Checking Facebook on your phone may not provide the ad-free diversion you’re looking for. Ad Age discusses this in a recent article about Sync, a new program developed by the programmatic platform Xaxis. The program gives television advertisers the chance to connect with audiences even if they’ve tuned out during commercial break. Brian Lesser, the CEO of Xaxis, discusses the growing number of people who simultaneously play on their mobile devices while watching TV. Sync allows advertising messages to reach even these distracted consumers by using behavioral, geographic, and satellite data to serve ads on mobile devices.

The benefits of this are that it not only lets advertisers engage with those who might have tuned out momentarily, but it also provides a more tangible way of measuring the success of television ads. They do mention in the article that “The science is inexact,” but I think this could be a really powerful tool for advertisers so I’m interested to see its growth and upcoming product improvements.

Native in-stream ad budgets are growing

A recently released BI Intelligence report outlines the growing popularity of native social advertising. Business Insider recaps the report and notes that social platforms like Facebook, LinkedIn and Twitter have seen success with their native ad formats while also suggesting that others will likely follow suit. The report estimates that, “Native will be at least 40% or more of over $10 billion in social media ad spend by 2017”.

While native ads are said to improve user experience by unobtrusively incorporating ad messaging into on-page content, there are many ways marketers can get it wrong.
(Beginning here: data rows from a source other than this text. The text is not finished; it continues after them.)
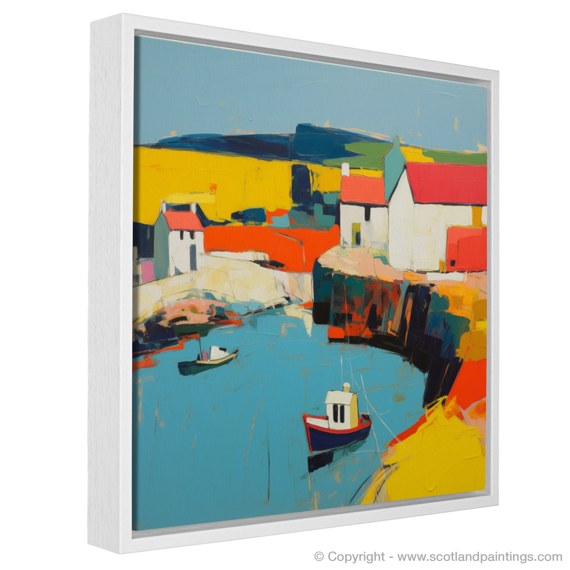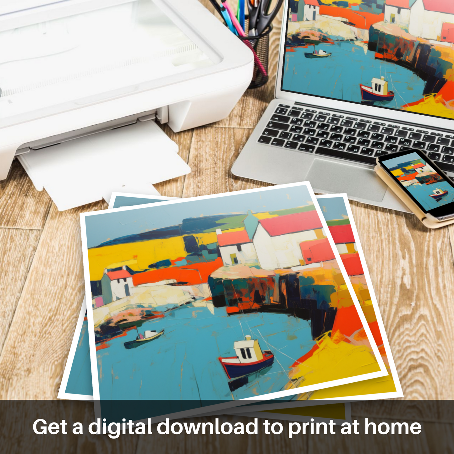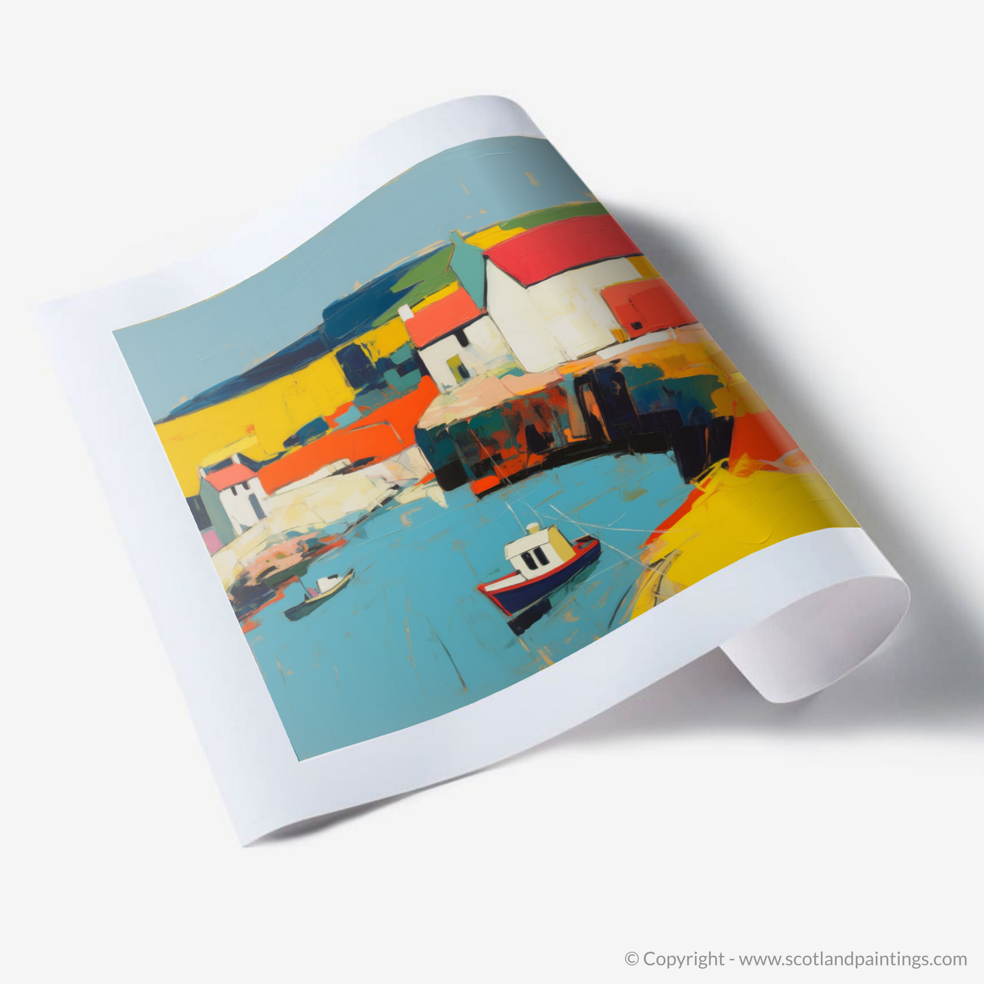 Immerse yourself in a world where the essence of Cove Harbour is reimagined through a vibrant tableau of abstract forms and bold colours. This print invites the imagination to wander through the picturesque beauty of the Scottish Borders with an artistic twist that transcends reality.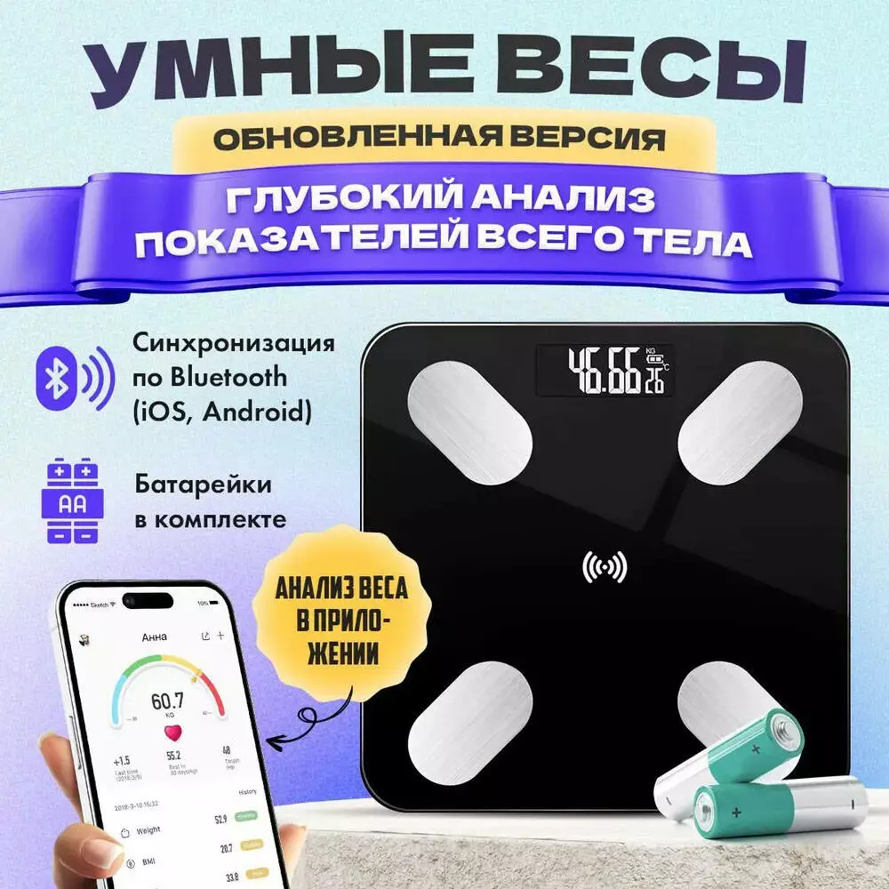 Смарт весы напольные, электронные Domotec MS-2017A с приложением на телефон, до 180 кг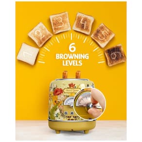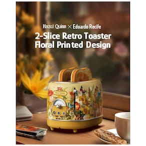 Torradeira elétrica retrô Hazel Quinn de 2 fatias com 6 níveis de tostagem, funções de descongelamento, reaquecimento e cancelamento, slots extra largos, centralização automática e bandeja de migalhas removível.Permite ejeção manual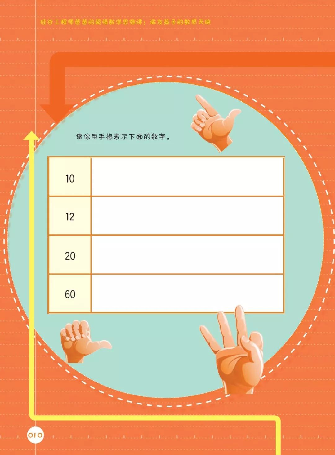 这里面就训练了孩子的思维能力。比如说摆放数字“20”,其实是一只手摆12,另一只手摆8,代表的就是“12+8”这个数学表达式。如果我们直接问孩子“12+8”是多少,每个人都能答得出来。但是像题目这样用具体的应用场景展现出来,让孩子自己去挖掘“12+8”这个表达式的含义,就很有难度了,因为他们得理解题目的框架和内容,才能做出正确的判断。这也是数感训练最核心的要求!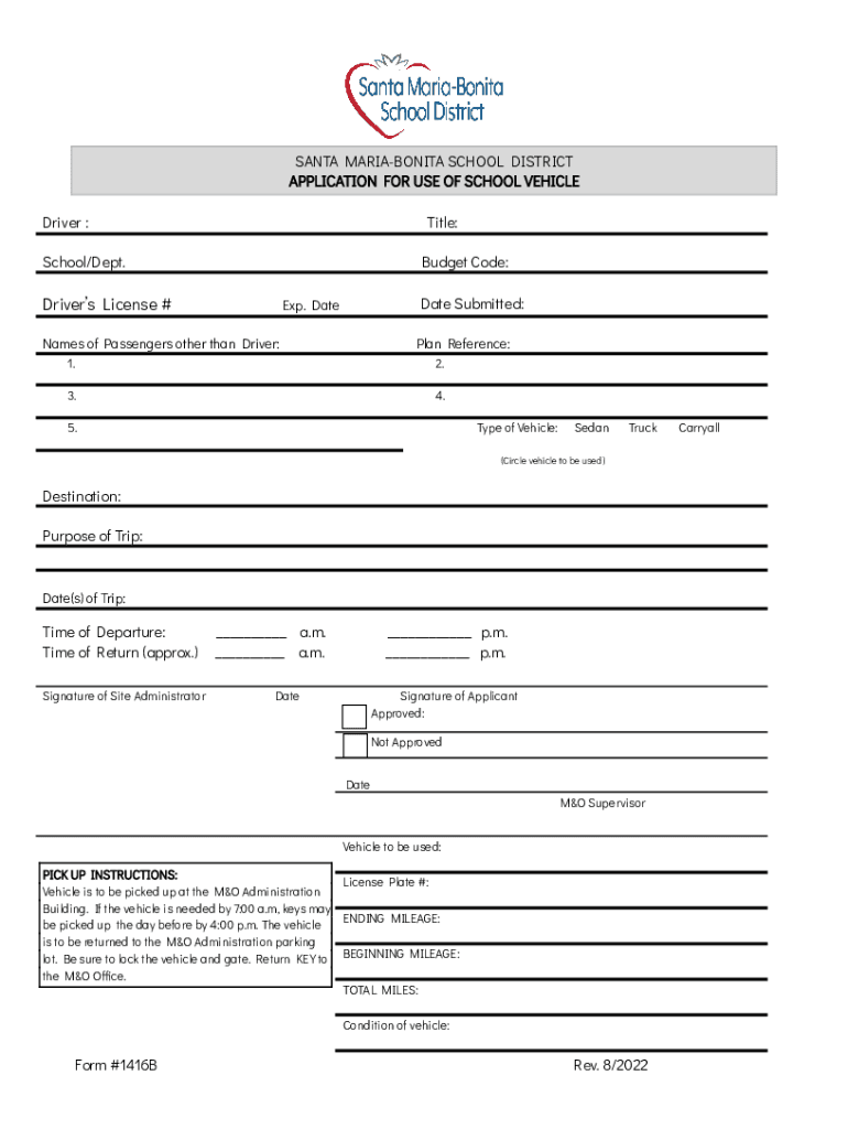 SANTA MARIABONITA SCHOOL DISTRICT APPLICATION FOR USE OF SCHOOL VEHICLE Driver :Title:School/Dept. Budget Code:Driver's License #Date Submitted:Exp. Databases of Passengers other than Driver:Plan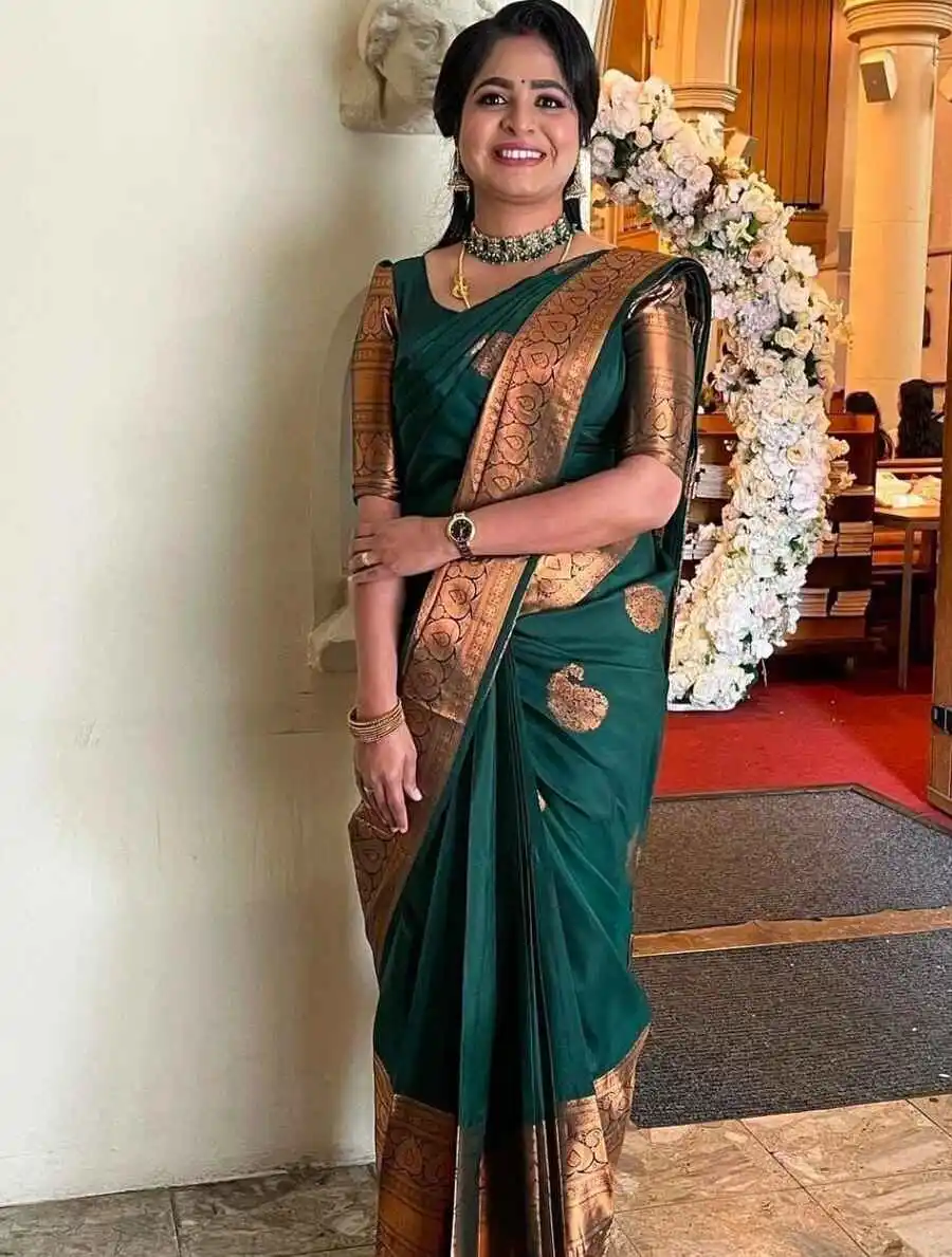NEW ARRIVAL LICHI SILK RICH PALLU & JACQUARD WORK SAREE WITH UNSTITCHED BLOUSE GREEN

To learn how to be successful with native advertising while following industry standards, check out the IAB Native Advertising Playbook.

New standards in digital ad viewability

On March 31st, 2014, the Media Rating Council (MRC) lifted its viewable impression advisory for digital ads. This means that they no longer advise against selling ad inventory based on a campaign’s viewability metrics. This lift is accompanied by newly released viewability standards created by the IAB, who say that they will help transition the industry from a “served impression standard to a viewable impression standard”.

Adweek notes that many publishers are not happy about the change and argue that, “It stands to devalue their inventory.” The same Adweek article also outlines the most important things advertisers need to know about viewability, including how long a viewable impression must last in order to count (a blink of an eye) and what to consider a “good” viewability rate (60 percent or higher).

More mobile ad data is coming

According to the Wall Street Journal, both Nielsen and comScore are hard at work to deliver more data about consumer activity on mobile devices. Despite the continuous growth of mobile advertising, the article addresses a lack of reliable mobile ad tracking tools available to advertisers. The two rivals are now working to fill this need, with comScore’s program scheduled for a Q2 release and Nielsen’s coming in Q3.